### Your goal
For this exercise, the lines from the one with "Sorpresivamente, el auto" through the end of the material below must be output exactly, without pictures.

### Data shown
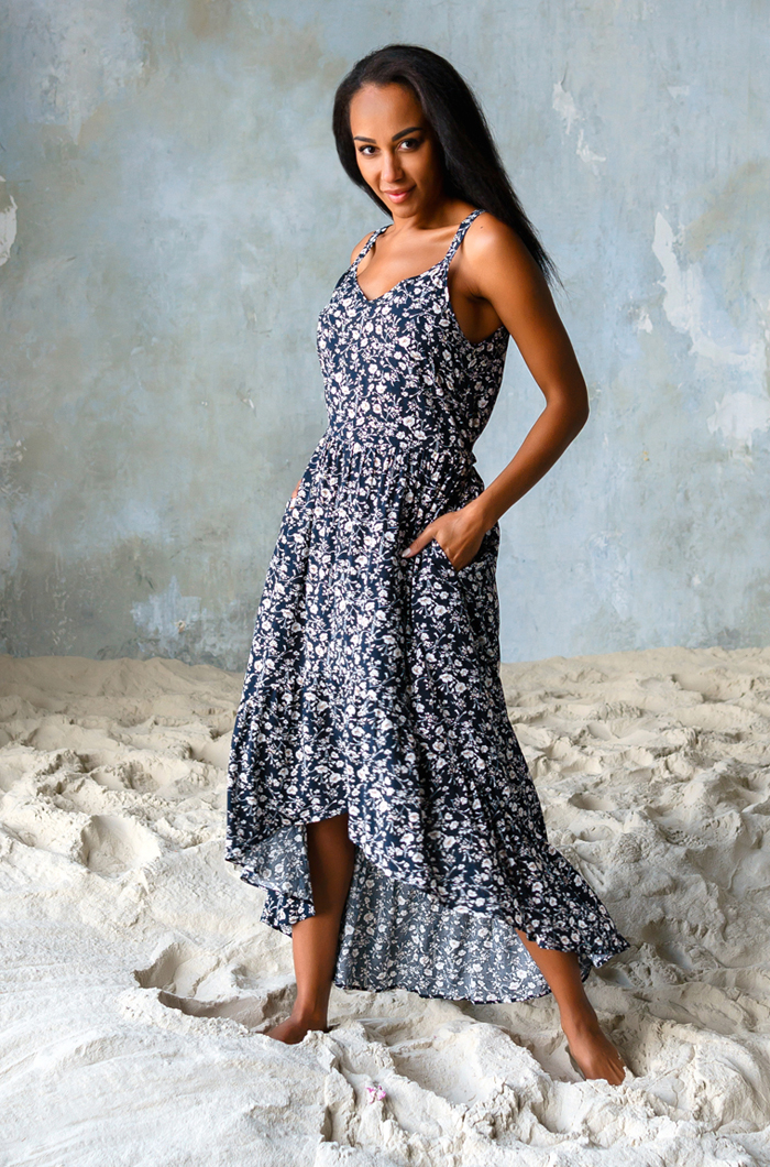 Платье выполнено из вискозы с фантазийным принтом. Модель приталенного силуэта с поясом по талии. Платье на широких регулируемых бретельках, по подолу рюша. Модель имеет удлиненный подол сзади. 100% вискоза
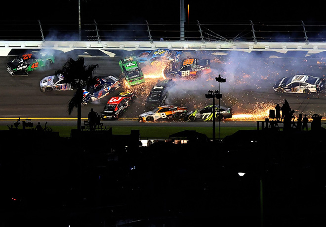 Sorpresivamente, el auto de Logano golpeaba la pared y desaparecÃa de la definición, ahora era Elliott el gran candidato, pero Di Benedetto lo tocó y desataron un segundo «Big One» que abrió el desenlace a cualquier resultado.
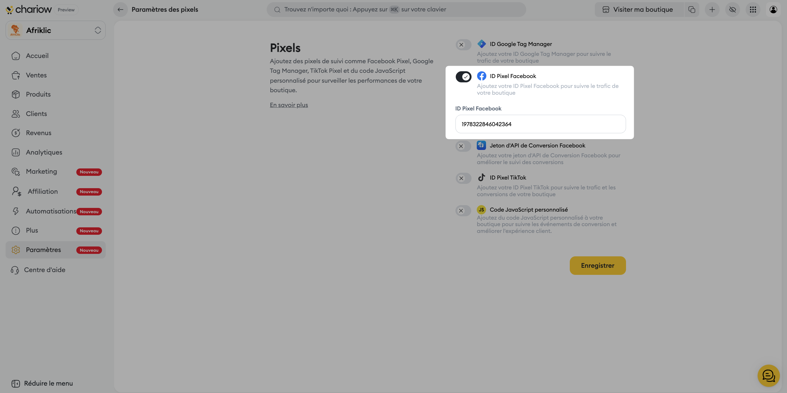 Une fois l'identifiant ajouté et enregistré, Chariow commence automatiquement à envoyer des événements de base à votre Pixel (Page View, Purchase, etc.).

### Output for this task
 Sorpresivamente, el auto de Logano golpeaba la pared y desaparecÃa de la definición, ahora era Elliott el gran candidato, pero Di Benedetto lo tocó y desataron un segundo «Big One» que abrió el desenlace a cualquier resultado.
 Une fois l'identifiant ajouté et enregistré, Chariow commence automatiquement à envoyer des événements de base à votre Pixel (Page View, Purchase, etc.).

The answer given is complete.